"There's so many different explanations," Neame said on a conference call Thursday. "I think our theory is that it's good to quit while you're ahead. We feel the show is in incredibly strong shape. The scripts that we're working on for the upcoming season are fantastic. The show is so popular globally, but the danger with this sort of thing is to let them go on forever. The danger is that you run to seven, eight, nine, 10 years. ... But I think it's more important to us to make a perfectly formed show, in our opinion, that we bring to an end when we think the timing is right, and that people will love and remember that show for many, many years to come, and not feel that there was any sort of drop-off or we outstayed our welcome."

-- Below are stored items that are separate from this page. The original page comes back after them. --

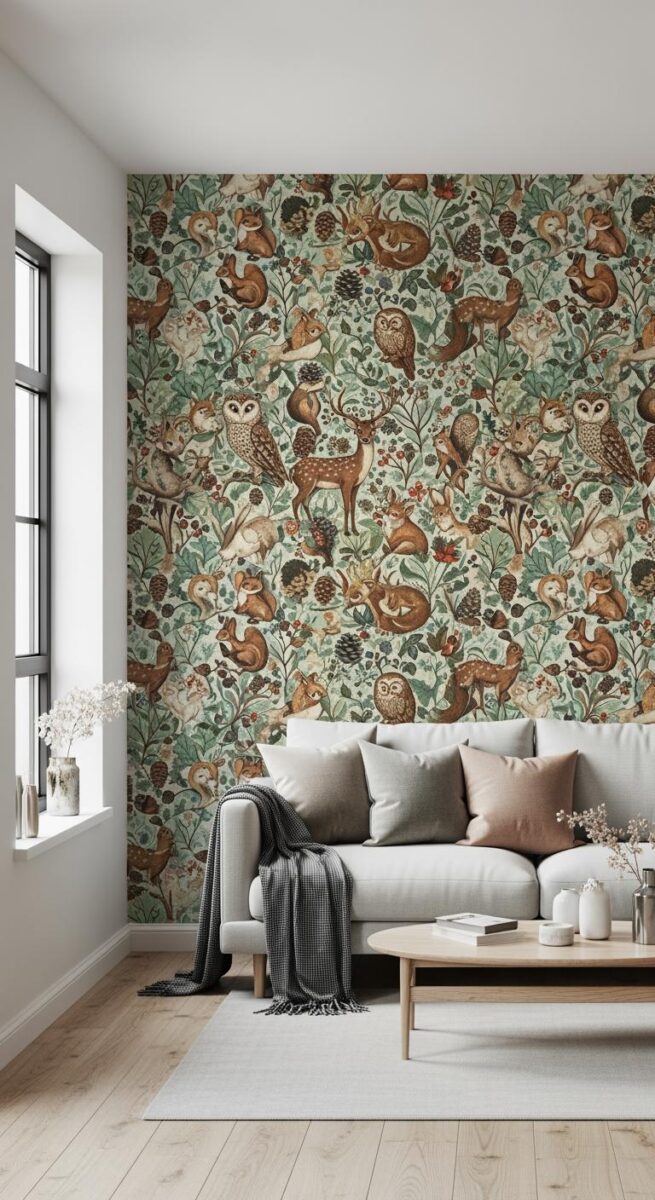 If you want something playful yet still sophisticated, consider wallpaper featuring vintage-style woodland creatures.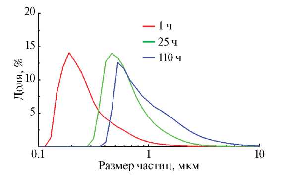 Рис. 2. Распределение частиц по размерам по результатам лазерной дифракции для образцов (табл. 1) с различным временем гидротермальной обработки.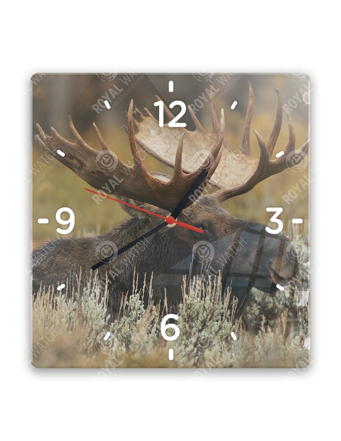 Die Uhr aus Acryl hat folgende Abmessungen: ein Quadrat 28x28cm, einen Kreis mit einem Durchmesser von 30cm, ein Rechteck 20x30cm und eine Dicke von 6mm.

Structurally, the sixth season will mirror the previous five, with nine hour-long episodes and a two-hour Christmas special for the finale.

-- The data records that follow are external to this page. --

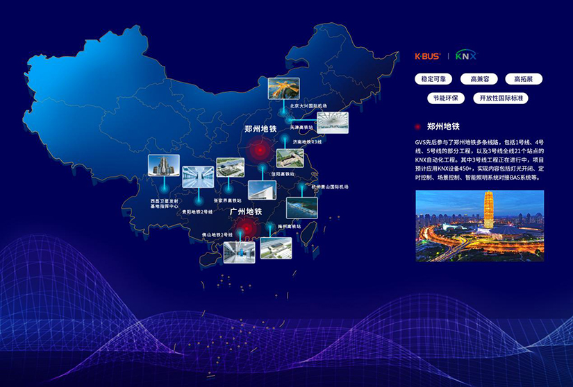 目前,GVSK-BUS智能照明控制系統(tǒng)先后賦能廣州、鄭州、濟(jì)南、梅州、貴陽、佛山等各大城市的軌道交通項(xiàng)目,亦憑廣州地鐵21號(hào)線提名2020 KNX協(xié)會(huì)「公共工程獎(jiǎng)」。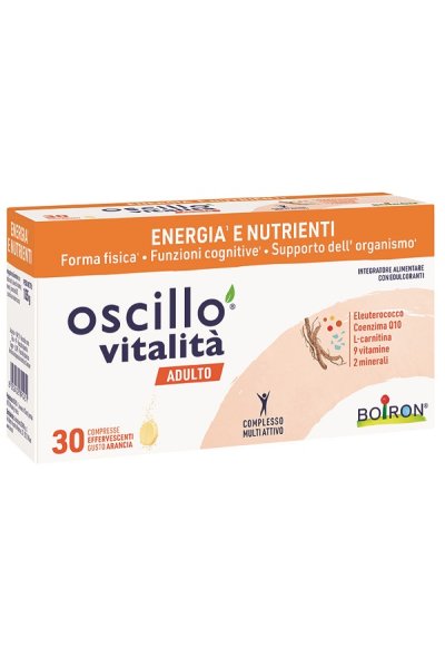 Acidificante: acido citrico; correttore dell’acidità: bicarbonato di sodio; edulcorante: sorbitolo; magnesio bisglicinato, estratto di radice di eleuterococco [Eleutherococcus senticosus (Rupr. Et Maxim.) Maxim], acido L-ascorbico (vitamina C), aroma naturale di arancia, zinco gluconato, L-carnitina L-tartrato; colorante: rosso di barbabietola; ubichinone (coenzima Q10), nicotinamide (vitamina B3); edulcorante: sucralosio; D-pantotenato di calcio (vitamina B5), cianocobalamina (vitamina B12), cloridrato di piridossina (vitamina B6), riboflavina (vitamina B2), mononitrato di tiamina (vitamina B1), acido folico (vitamina B9), D-biotina (vitamina B8).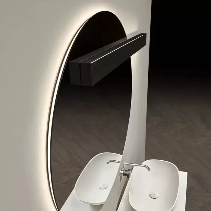 Antonio Lupi Circus Зеркало Ø108cм., с белой светодиодной подсветкой, с блестящей кромкой, с правосторонним светильником LUCENTE, на раме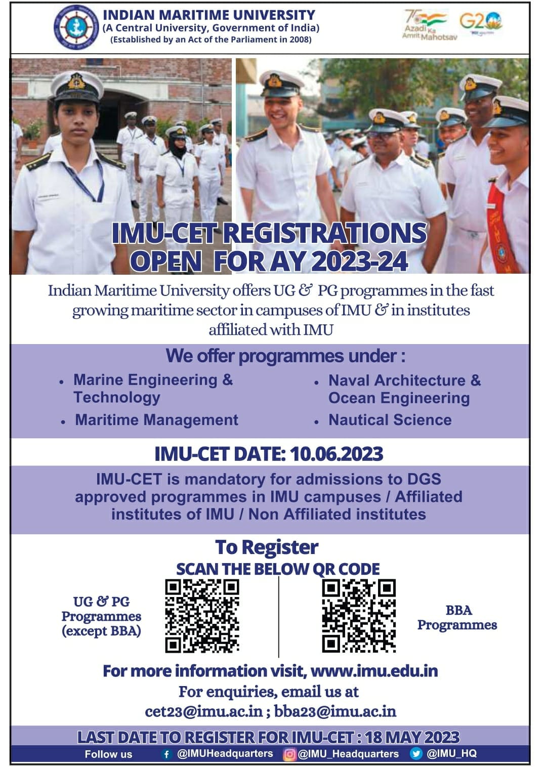 വിവിധ യുജി (ബിബിഎ ഒഴികെ) പ്രോഗ്രാമുകളിലേക്കുള്ള പ്രവേശനം IMU-CET 2023 അല്ലെങ്കിൽ CUET(UG) 2023 വഴിയായിരിക്കും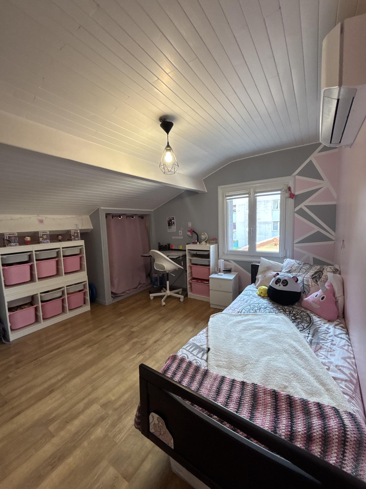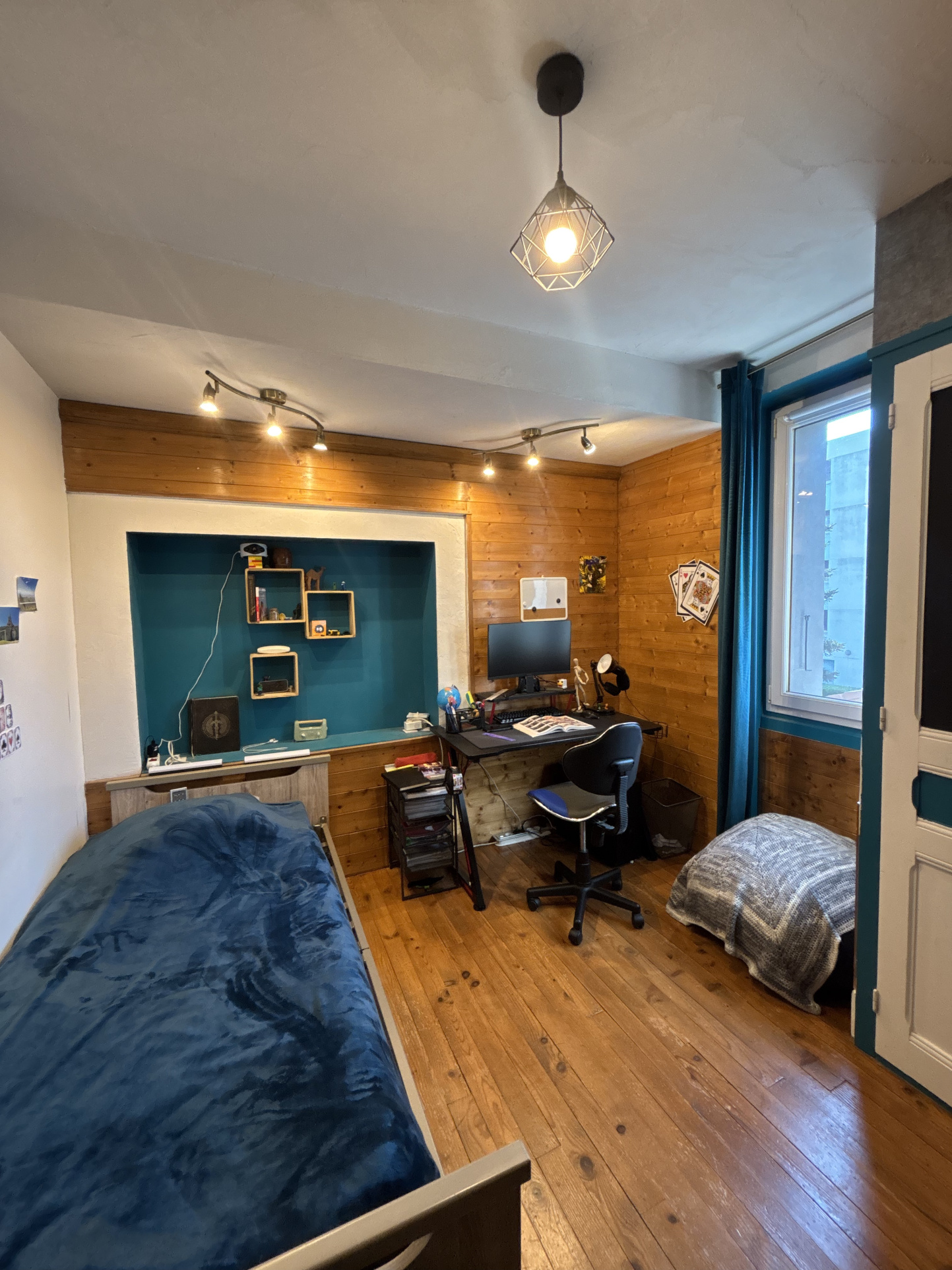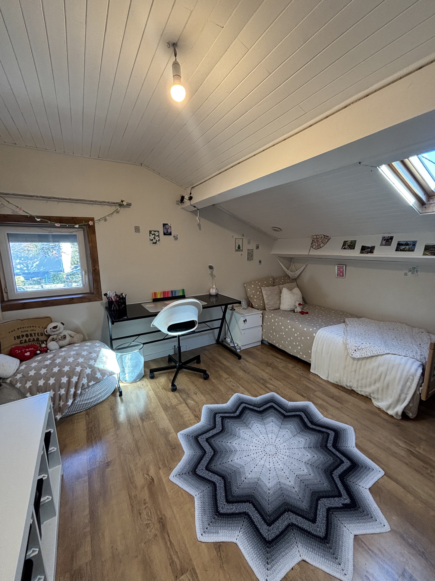 À l'étage, trois chambres et un bureau composent le territoire des enfants, des projets, du télétravail. Les beaux planchers d'époque craquent légèrement (c'est mon langage à moi), la hauteur sous plafond donne de l'air aux idées. On s'y sent à la fois protégé et libre.

Neame said that he and creator Julian Fellowes have been stunned by the show's success, especially in the States, and that the decision to wrap up after Season 6 was a joint one among Neame, Fellowes and the cast. "It would be very tempting, very easy, to go for another year or beyond that, but it doesn't feel right for any of us," he said.
Neither ITV in the U.K. nor PBS in the U.S. expressed a desire for the show to come to an end, he added, and a slight decline in ratings in the U.K. last season did not have an impact either. "There's no show on television that gets canceled because it has 10.5 million viewers," Neame pointed out.

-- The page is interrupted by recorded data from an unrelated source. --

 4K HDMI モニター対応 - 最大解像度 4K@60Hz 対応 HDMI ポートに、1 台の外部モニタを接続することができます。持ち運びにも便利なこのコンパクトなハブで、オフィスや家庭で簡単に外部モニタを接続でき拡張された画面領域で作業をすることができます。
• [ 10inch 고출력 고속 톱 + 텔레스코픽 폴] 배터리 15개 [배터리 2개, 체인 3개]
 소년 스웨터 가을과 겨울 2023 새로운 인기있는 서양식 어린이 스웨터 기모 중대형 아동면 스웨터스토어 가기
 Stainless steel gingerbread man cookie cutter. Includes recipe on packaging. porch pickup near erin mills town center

The producers "couldn't rule out" doing a spin-off, according to Neame, but there are no plans currently in place. A Downton Abbey movie, however, seems more promising. "We would be very interested in that. It is definitely something that we're contemplating," Neame said of a film adaptation. "But I can't confirm that it's definitely going to happen."
Neame wouldn't comment on any specific plot points for Season 6, but indicated that the narrative will give fans a sense of closure. "Right from the beginning of this show, we have been about the end of a way of life, the end of a particular era of history," he said. "The way of life that we depict that people so enjoy, the idea of the aristocracy and the extraordinary lives that they led, it was all coming to an end, and we've been talking about this through the episodes. ... So we will now in this final season be starting to see how that way of life comes to an end."